Selection of methylation sub-group participants and study protocol
Cases were women identified after the end of multi-center study as women who had abnormal screening results at baseline (first visiting) and with a colposcopy-directed biopsy diagnosis of (His)HSIL or worse (including (His)HSIL, carcinoma in situ, and cervical cancer (CC)) at any time during the 2-year follow-up. Controls were randomly selected regardless of arm allocation from women who were abnormal screening results at baseline, had a biopsy with a diagnosis of less than (His)LSIL during the follow-up confirming that they were at low risk of cervical cancer and with enough remainder of archived baseline samples in specimen transport medium for further testing. Controls were individually matched to cases by age. As shown in the flowchart in Figure 1 , the 471 cases and 471 matched controls were identified for the study. Briefly, we enrolled samples (with initially an HPV positive or abnormal cytology result) derived from IC cohort and RF cohort, and then grouped as “cases group (with histology ≥HSIL+)” and age-matched “control group (with histology ≤LSIL)”.
In this study, according to “The Lower Anogenital Squamous Terminology Standardization Project for HPV-associated Lesions” (LAST), we categorized histopathological results as “No-Lesion”, “LSIL”, “HSIL” and “CC”. And we categorized all the cytology results as “NILM”, “(TCT)LSIL”, “(TCT)HSIL” and “CC”, “ASCUS” was grouped in “(TCT)LSIL”, and “ASC-H” was grouped in “(TCT)HSIL”. Based on the histopathological diagnoses as “golden standard”, we compared the diagnostic performance of S5 methylation with other existing classifier among women with abnormal results with HPV or cytology.
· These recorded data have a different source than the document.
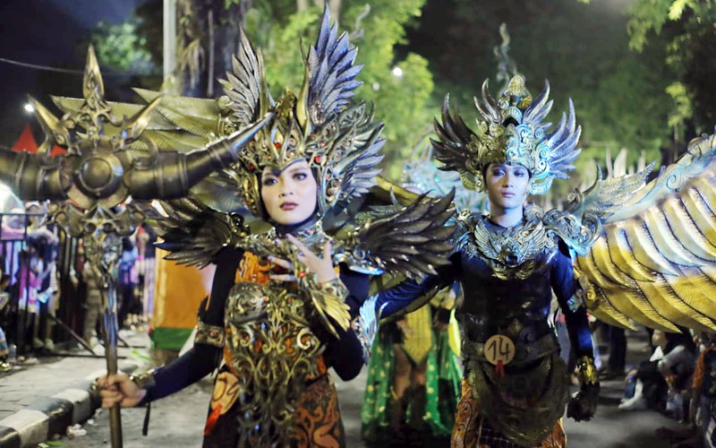 MEMUKAU: Para peserta menampilkan busana yang menarik dengan dandanan atraktif di ajang Batik Lumajang On The Street Night Carnival (Balos).
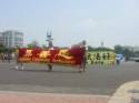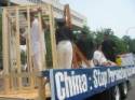 Au milieu de la procession il y avait un char sur lesquel on mettait en scène les tortures que subissent les pratiquants de Falun Gong en Chine.
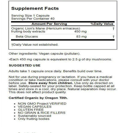 Gaia Herbs Lion'S Mane Mushroom 40 Vegan Caps
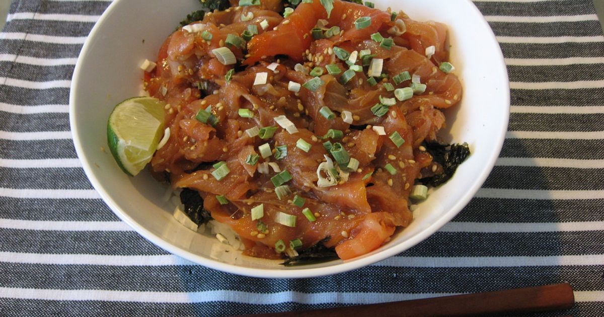 レシピ サーモンのゆずポン酢漬け丼の作り方。
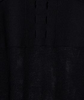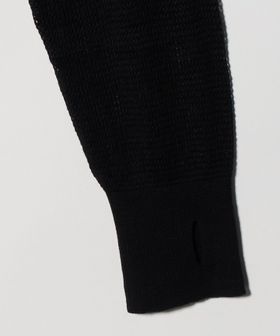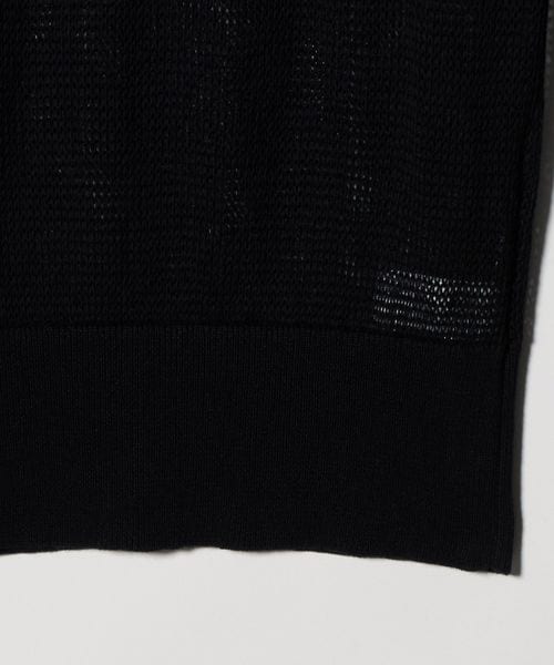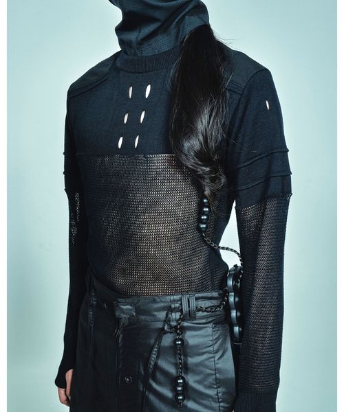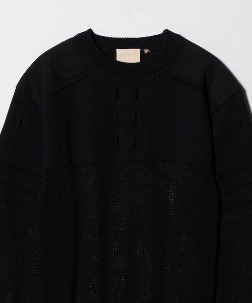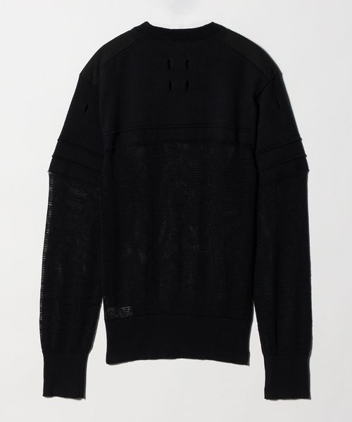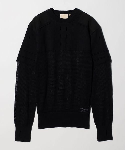 随所に配置したオーバル状のホールと、透け感のあるメッシュニットの切り替えが特徴的なクルーニット。

All the cervical samples were obtained from the first visiting in multi-center clinics. Samples for cytology were collected using Cervi-Brush® bush (Rovers® Medical Devices, North Brabant, Netherlands) and stored in a Sure-Path vial for further cytology analysis, and samples for HPV and methylation detection was also collected and then stored at 2°C to 8°C. The vials used for testing were stored 2°C to 8°C upon arrival the central cytology laboratory of Gy&Ob hospital of Fudan University in Shanghai, China.